Шрифт:
Интервал:
Закладка:
А уж этому я училась с детства.
Лишь одно дерево предстояло мне вырастить самой, укрыв и от бурь, и от сладкоречивых придворных с черными и алчными сердцами.
Наследника.
2
Я назвала его Гвинллед, на языке древнем и забытом, на котором говорила сама земля в те времена, когда лишь звери ходили под ее небом. Он рос быстро, быстрее своих сверстников, быстрее, чем положено ребенку человеческого рода, но никто, кроме меня, этого не замечал. Его и самого долго, очень долго не желали замечать, как стараются не замечать смутные, темные тени в надежде, что с рассветом они развеются сами.

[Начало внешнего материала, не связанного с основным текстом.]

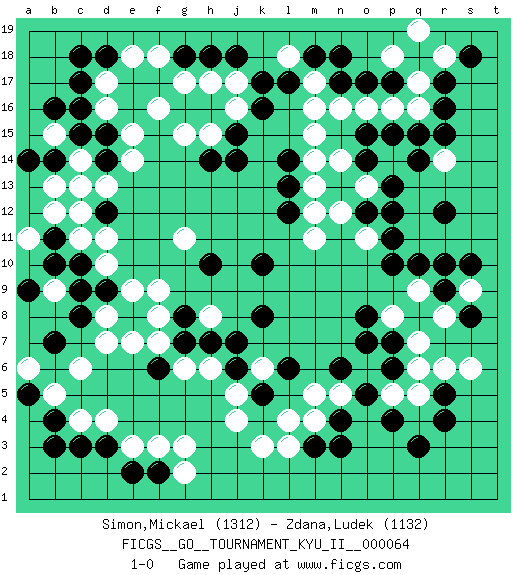 Last move : 1-0 2018 May 18 22:53:53 [Event "FICGS__GO__TOURNAMENT_KYU_II__000064"] [Site "FICGS"] [Date "2017.11.29"] [Round "1"] [Black "Simon,Mickael"] [White "Zdana,Ludek"] [Result "1-0"] [Rating 1 "1312"] [Rating 2 "1132"] 1.r16 d4 2.q3 d17 3.p17 q5 4.r5 r6 5.r4 q7 6.c3 c4 7.d3 e3 8.e2 f3 9.f2 g3 10.b4 b5 11.b3 c6 12.d15 f16 13.c17 d16 14.c16 e15 15.d14 d10 16.r10 k3 17.p10 r14 18.r12 p14 19.k16 j17 20.k17 j16 21.j15 h15 22.j14 m15 23.h14 g15 24.j18 h17 25.l14 o16 26.o17 n16 27.n17 p16 28.m3 k6 29.c8 f9 30.b10 c12 31.d12 c11 32.c10 d11 33.d9 e9 34.e8 d7 35.b7 b9 36.b11 b12 37.a5 a6 38.c9 d8 39.a9 a11 40.p6 q6 41.p4 p5 42.o5 o6 43.p7 p8 44.o7 m4 45.n4 n5 46.n6 m5 47.n3 l3 48.h18 g17 49.g18 f18 50.d18 e18 51.c18 b15 52.b14 b13 53.a14 c14 54.c15 c13 55.b16 d13 56.o8 s6 57.s8 q9 58.q10 s9 59.r9 r8 60.s10 e14 61.q15 q16 62.r15 q17 63.s18 r18 64.q14 m17 65.m18 l18 66.l17 m16 67.n18 p18 68.r17 q19 69.k8 h8 70.j7 h6 71.h7 g6 72.g7 f7 73.j6 j5 74.f6 e7 75.g8 f8 76.k5 j4 77.l6 l4 78.h10 g11 79.p13 m14 80.l13 m13 81.o14 o13 82.p15 m11 83.l12 m12 84.k10 g2 85.o12 n14 86.o15 o11 87.p11 n12 88.p12 1-0 Here are the names of the openings (joseki) played in the four corners : Corner q4 : q3 q5 Komoku (Somok, Xiao~mu`) 3-4 Point. The komoku (3-4) point is the traditional corner enclosure move.. Ikken Takagakari (Hankan Nop'dakeolch'im, Yi Gaogua`jiao~, 1-Space High Approach). The 5-4 approach move has become more popular in modern times, as modern Go emphasizes speed and influence. Corner d4 : d4 c3 Hoshi (Hwajeom, Seongjeom, Xingwei`) 4-4 Point. The star or hoshi (4-4) point, emphasizing influence at the potential expense of territory. Corner d16 : d17 d15 Komoku (Somok, Xiao~mu`) 3-4 Point. The komoku (3-4) point is the traditional corner enclosure move.. Ikken Takagakari (Hankan Nop'dakeolch'im, Yi Gaogua`jiao~, 1-Space High Approach). The 5-4 approach move has become more popular in modern times, as modern Go emphasizes speed and influence. Player Black won this Go (weiqi, baduk) game. Follow this game move after move (download)Don't try to enclose an open skirt. (Anonymous) Cactus - It is depressed cucumber. (Ilmars Cirulis)

Ему так и не нашли кормилицу – ни одна из молодух не согласилась, невзирая на то, какую честь сулило стать молочной матерью королевичу. Даже безродные служанки отказались, не скрываясь творя охранные знаки. До меня дошли слухи, что боятся они, что жуткий младенец из них будет пить кровь, а не молоко.

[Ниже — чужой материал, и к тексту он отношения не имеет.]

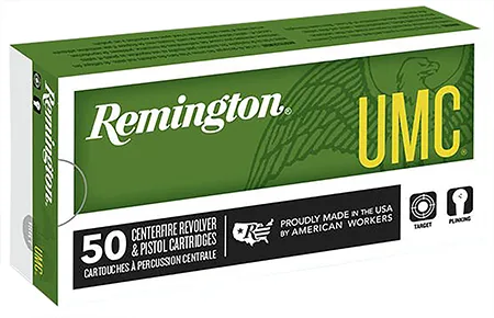 All UMC handgun ammunition is American-made, using first-quality, factory-fresh brass, and clean-shooting Kleanbore primers to provide the best value for practice, personal defense, and hunting.

Но если он тот, кем я его считаю, то наша кровь для него жгучая отрава.
Ухаживала за Гвинлледом лишь старая Кейтлин, та, что с первого дня была рядом с ним. По воле короля и супруга моего я возвысила ее, даровав ей титул и шлейф придворной дамы, ведь не годилось же, чтобы прислуживала королевичу простая кухарка.
Но мне и в голову бы не пришло когда-либо назвать Кейтлин простой. Она была седа, как лунь, с мягкими ловкими руками и печальными глазами раненой лани. Всегда тихая и спокойная, она окружила королевича любовью, как собственное дитя, любовью, которой никто другой ему дать не хотел. Она выкармливала его козьим молоком, пеленала, пела колыбельные, сладкие и тягучие, как мед, и в нежных ее объятиях Гвинллед рос, подобно дивному цветку.
Когда королевич подрос, каждую ночь я стала приходить к нему и читать сказки, одну за другой, и о временах смутных и давних, когда оскорбления смывали кровью, а за слезу королевны взимали виру золотом, и о дальних странах, дивных и странных, полных чудес и небылиц, и о морских приключениях и подводных чудовищах, о забытых кладах и потайных островах. Он слушал, затаив дыхание, примеряя на себя роль героя, и в темных глазах его горела мечта и самому стать таким же – смелым, хитрым, благородным. Чтобы им восхищались. Чтобы его любили.
Лишь о добрых соседях я пока не рассказывала Гвинлледу, и сама не могла объяснить себе почему.
Маленький королевич не спускал с меня темного взгляда. Стоило мне замолкнуть в конце сказки, и он в страхе тянулся ко мне, цеплялся за платье, хныкал. Тогда жалость накатывала на меня, как море на изрезанный приливом берег, и хотелось склониться к нему и взять на руки, прижать к груди, обещая, что все будет хорошо… Но стоило взглянуть в его глаза, как очарование рассыпалось ранящими осколками, и умирала нежность, ибо там, где царствует страх, ей не отыщется места.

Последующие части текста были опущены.